Arizona Profiling Bill

OFF THE WIRE
agingrebel.com
Arizona Profiling Bill

An Arizona bill intended to reduce police harassment of bikers died last week. The bill was SB 1086 sponsored by State Senator Judy Burges. It was voted out of the Senate Public Safety Committee last month but failed in the Arizona Senate Committee of the Whole.
The bill would have required that police officers in training be instructed that “the sole fact that a person rides a motorcycle or wears motorcycle-related paraphernalia” does not amount to a reasonable suspicion or probable cause that riders are criminals.
The Arizona Confederation of Clubs and numerous members of the Confederation had lobbied on behalf of the bill. Dozens of bikers packed last month’s hearing and told the politicians about being stopped and held at gun point for up to an hour while cops tried to find an excuse to arrest them and tow their bikes.

The Problem
Among the most widely quoted speaker was Jess “Slick Rick” Rodriguez of the ALMA Motorcycle Club. “If they (the police) see a patch, and you’re riding down the road, they pull you over for any kind of reason with no probable cause whatsoever,” Rodríguez said. “It’s very demeaning at times. Women are frisked for no reason. You’re detained in 115 degree weather for an hour and then let go and not even given a reason why you were pulled over. It’s not illegal to be an Elk. It’s not illegal to be an Eagle. It’s not illegal to be a Shriner, a Knight of Columbus. We wear collective marks. We ride motorcycles. That’s what we like to do. I understand the average Joe citizen doesn’t feel our plight. But when they get done with bikers who are they going to pick on next?”
Police bullying of motorcyclists in general and motorcycle club members in particular is an escalating problem in the United States. Two major civil rights suits in New Jersey and Nevada have been filed in federal court to combat the problem. The Nevada suit was brought by the Southern Nevada Confederation of Clubs and numerous individual complainants.
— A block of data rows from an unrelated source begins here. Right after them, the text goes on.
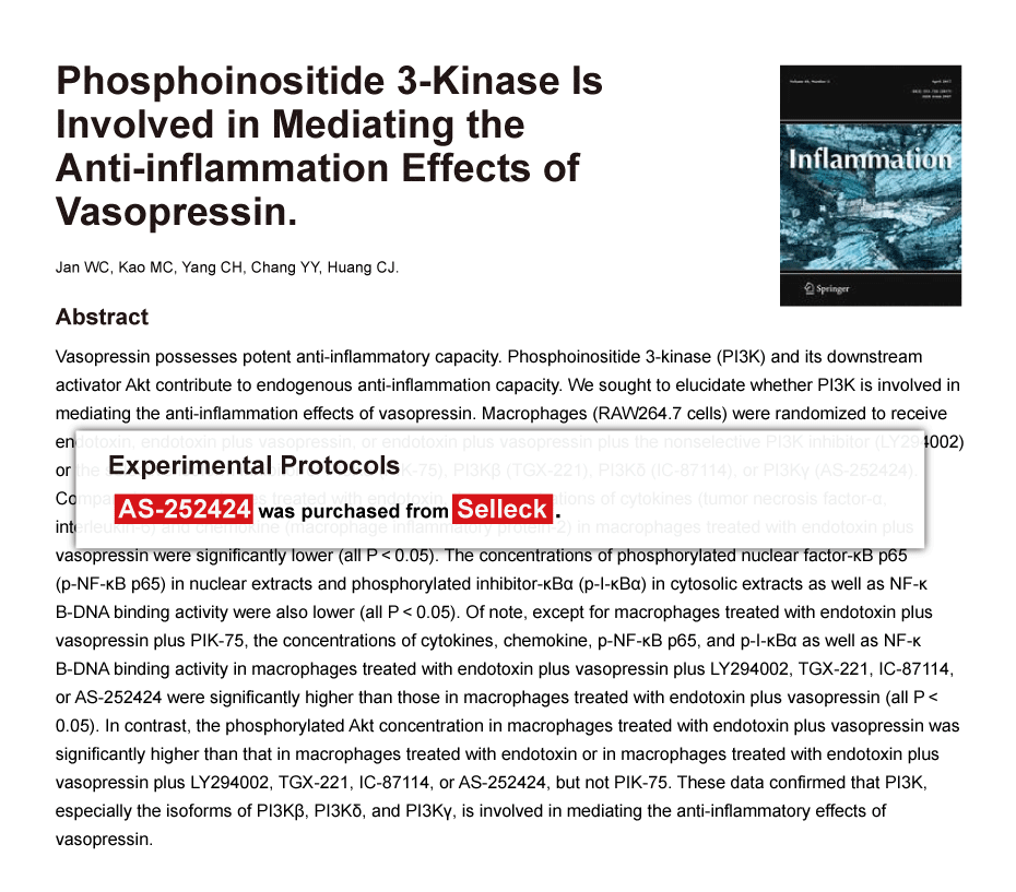 Inflammation, 2017, 40(2):435-441. AS-252424 purchased from Selleck.
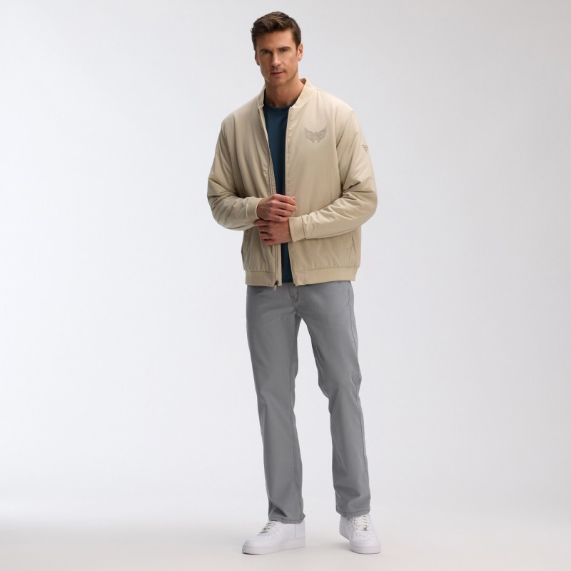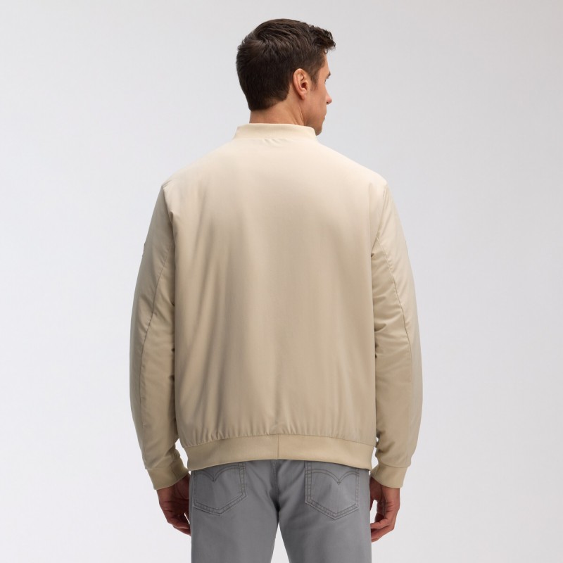 - Rib-knit stand-up collar, cuffs and hem
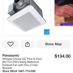 Panasonic Whisper Choice DC Pick-A-Flow 80/110 CFM Ceiling Bathroom Exhaust Fan with Flex-Z Fast$100Tucker, GA
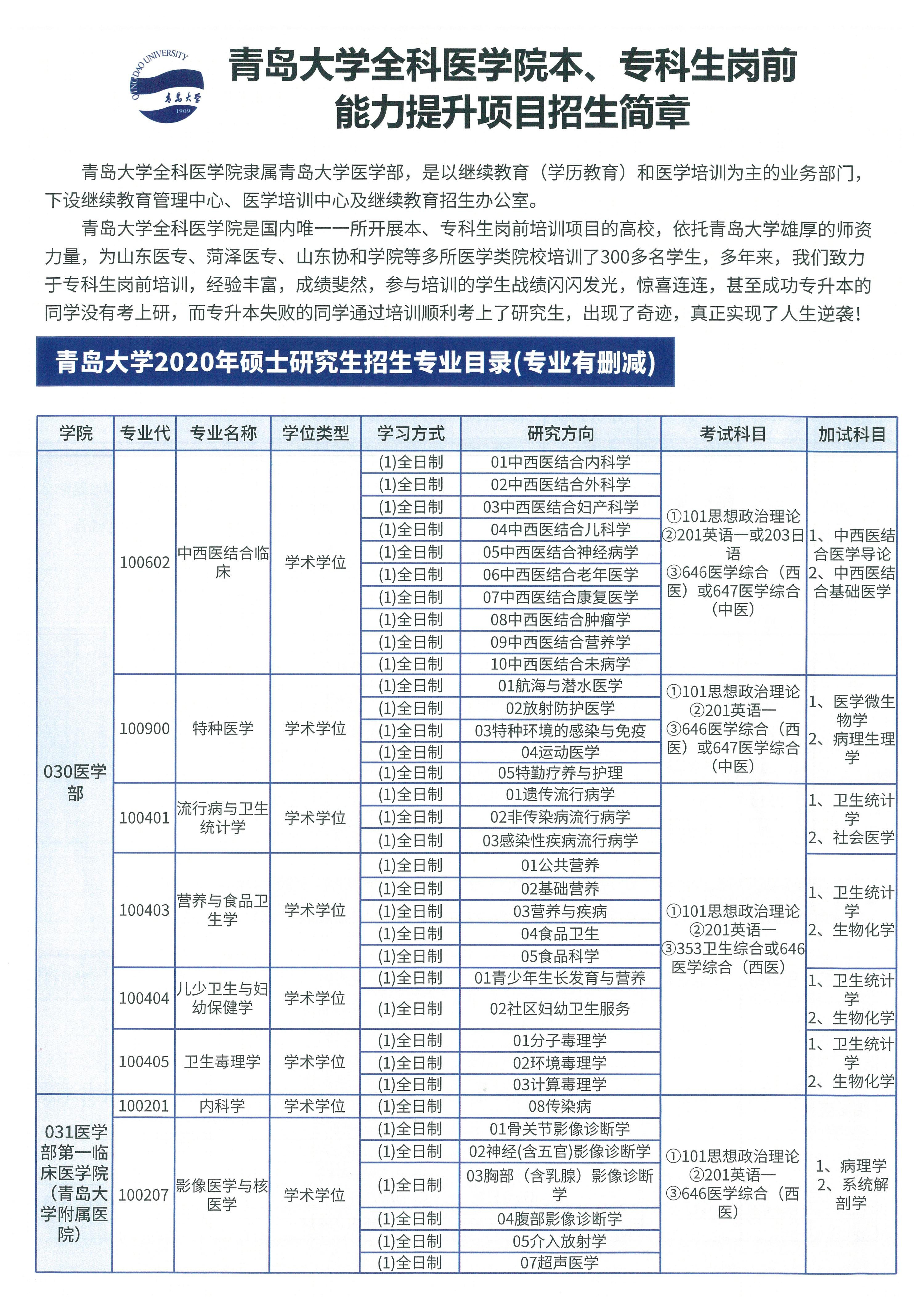 青岛大学全科医学院本、专科岗前能力提升项目招生简章
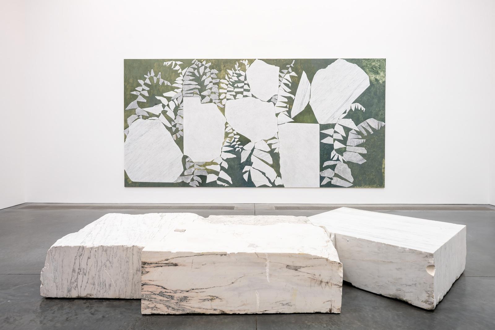 Crafting and installing this striking, powerful, and mystifying creation has enabled artist Sam Moyer to turn the museum into an extension of her home studio, keeping a wide array of materials and procedures in play. Her show, which opened on June 30 and runs through September 29, is titled “Sam Moyer: Ferns Teeth” and addresses nature at its most lyrical, anxiety-producing, and assertive.
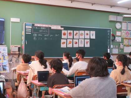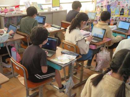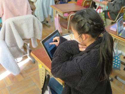 外国語科の学習で”What would you like?”という表現を使ってやり取りをする準備を進めています。子どもたちは上手にGIGA端末を使って英単語を調べたり,録音したりしていました。
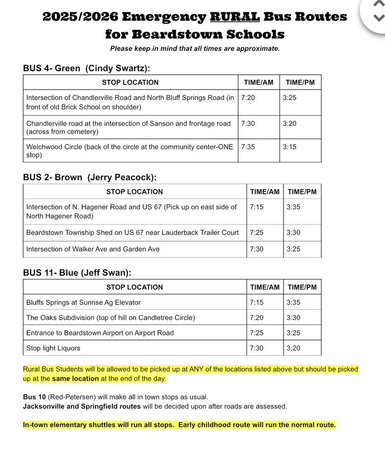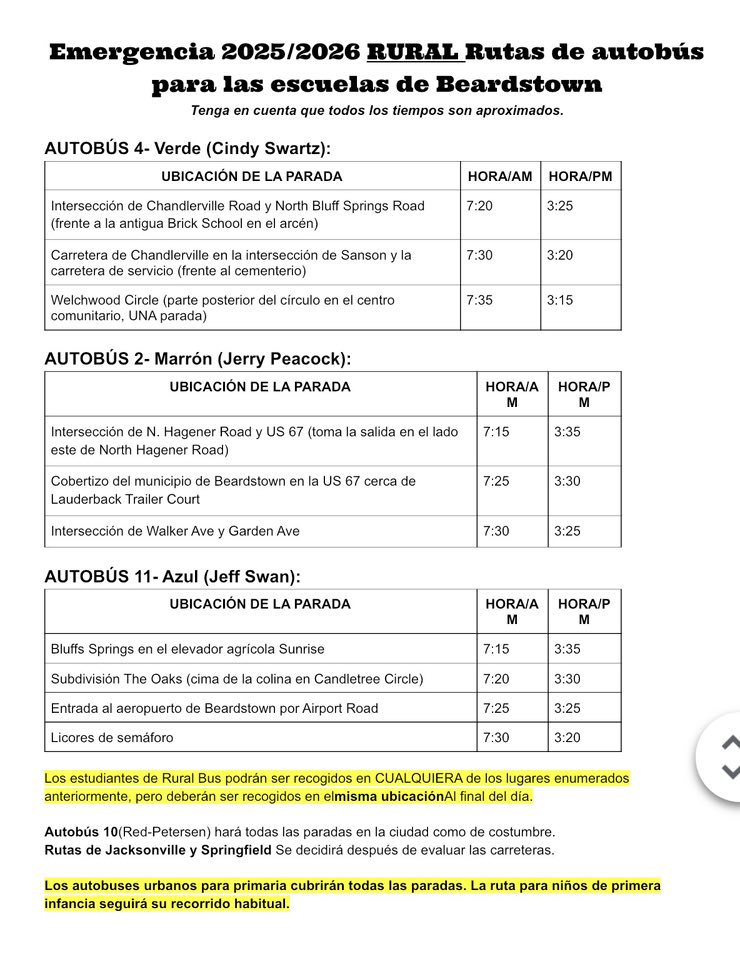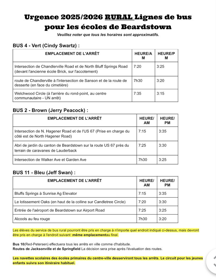 English Emergency Bus Routes Spanish Emergency Bus Routes  French Emergency Bus Routes
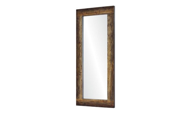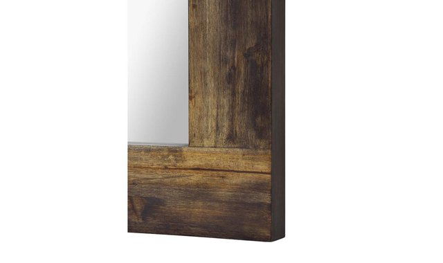 Large rectangular mirror with dark brown wooden frame.
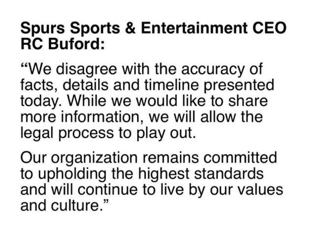 在Shams的报道中,Cauthen称其在2022年1月就向马刺举报了普里莫的行为,但她的多次举报遭到了马刺方面的“无视”。对于Cauthen方面的起诉,马刺CEO布福德也第一时间发声明回应:“我们不同意今天提出的时间、细节和事实的准确性,虽然我们愿意分享更多信息,但我们会通过法律程序来进行。我们球队仍然忠于维护最高标准,并将继续遵循我们的价值观和文化。”
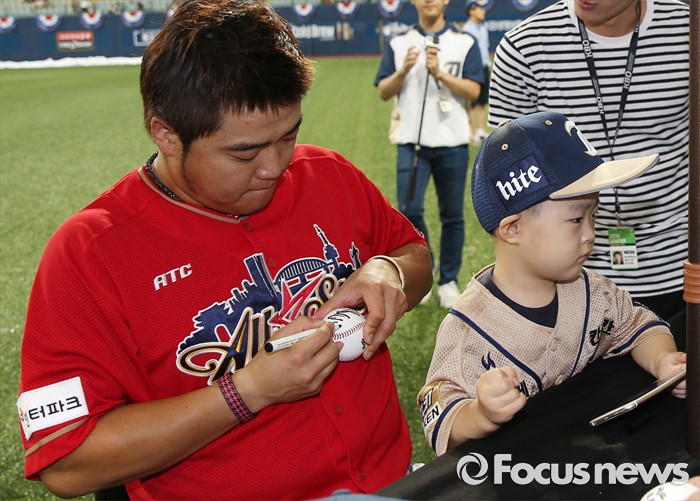 (서울=포커스뉴스) 16일 서울 고척 스카이돔에서 열린 2016 프로야구 올스타 경기에 앞서 가진 팬사인회에서 나눔팀의 박석민이 아들과 함께 참석해 팬에게 공에 사인을 해 주고 있다.
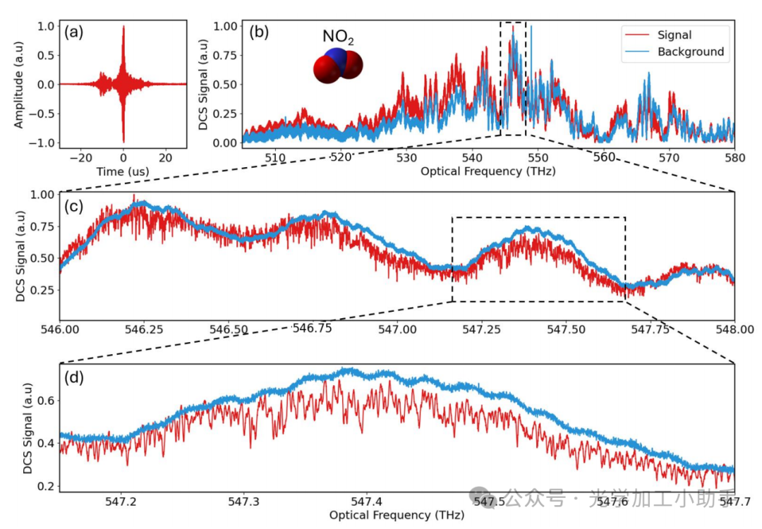 其中,T 是温度(以开尔文为单位),p 是压强(以托为单位)。对于我们在 T = 429 K 下的实验,钠在气体池中的蒸气压约为 11.2 µTorr。 图8. 二氧化氮光谱学的双梳干涉图与光谱 (a) 时间平均干涉图。 (b) 相应的双梳光谱(红色)和测量的背景双梳光谱(蓝色)。 (c) (b)中区域的放大图。 (d) (c)中区域的放大图,显示了二氧化氮的高密度吸收特征。 (e) 比较不同光谱仪器在测量二氧化氮时提供的光谱分辨率和带宽。顶部面板显示了NO2的UV-VIS吸收光谱作为参考。绿色虚线框表示我们的频率梳覆盖的完整带宽。
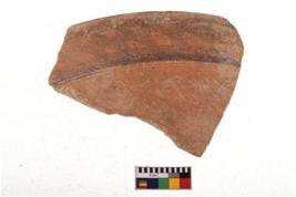 | Description / विवरण | A specimen of a potsherd. It is reddish in colour with black decorative geometric painting on it. |
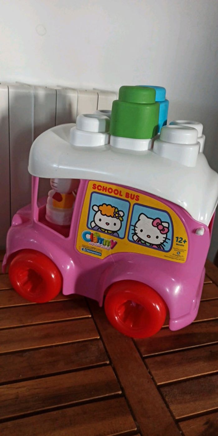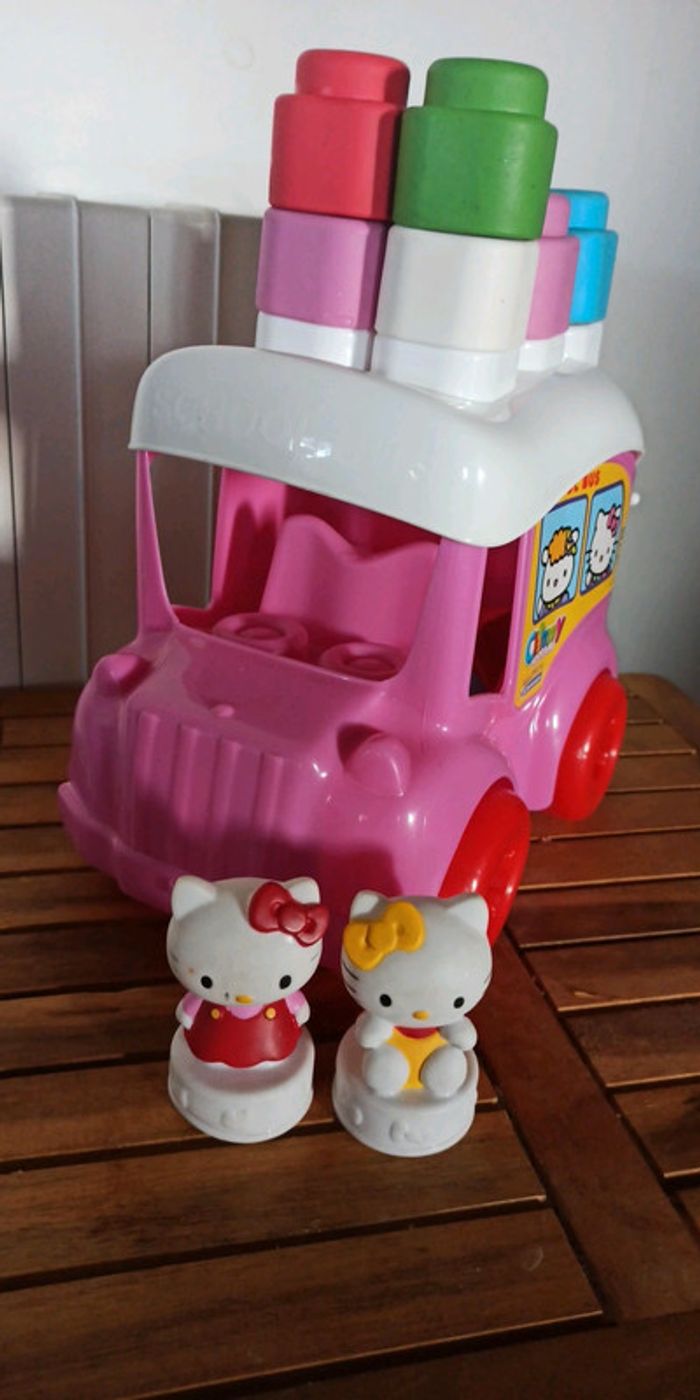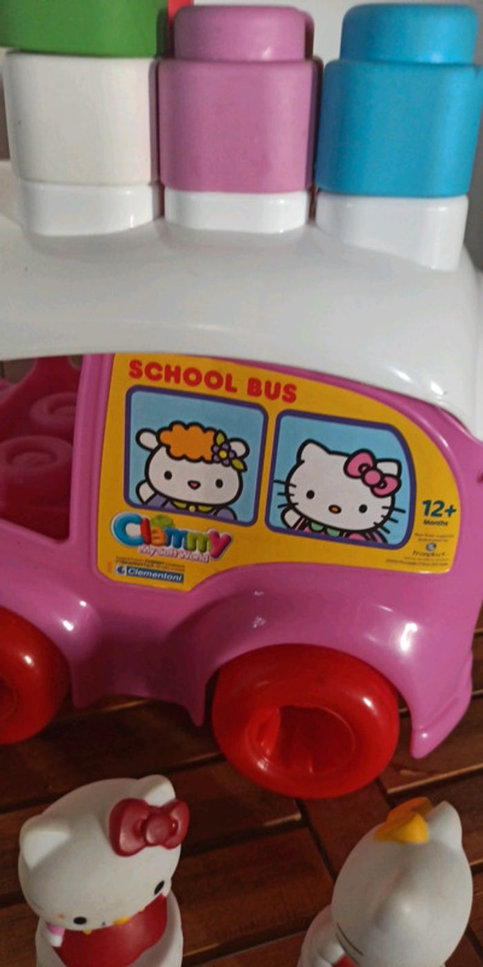 Dans le bus scolaire de Hello Kitty vous trouvez 10 briques souples et 2 personnages. Jouez à faire voyager Hello Kitty et ses amis. Le toit peut être ouvert, en se transformant aussi en pratique récipient. Âge: à partir de 12 mois +

The New Jersey suit was filed by members of the Pagans and Tribe Motorcycle Clubs.
Arizona, which is broke but keeps throwing millions of tax dollars at an imaginary biker menace, seems to be begging for a similar lawsuit.

The Usual Suspects
The bill was defeated by a caucus of twelve Democratic Pol Pots and two Republican wing nuts – Senator Steve Yarbrough and Senator Rich Crandall. The opponents were all tools of the police lobby which had opposed the bill. The roll call was tied 14-14. The bill needed a majority to move on.
Yarbrough called the SB 1086 an attempt “micromanage the syllabus for the police academy…. How about persons who wear military uniforms? Certainly they ought to be protected as a class. What about young people, or what about little old ladies with gray hair? All of those might be worthy of being a protected class so they’re not profiled by the police.”
Gallardo singled out the Hells Angels as one reason why police must defend Arizona from the Bill of Rights. “That one percent patch symbolizes that these are folks who live outside the law,” Gallardo theorized. “So if you don’t want to be profiled, stop wearing those patches.”
The Ninth Circuit Court of Appeals, which has jurisdiction over Nevada, ruled in a case titled Sammartano v. First Judicial District Court in and for the County of Carson City, that motorcycle club patches and similar adornments are constitutionally protected speech.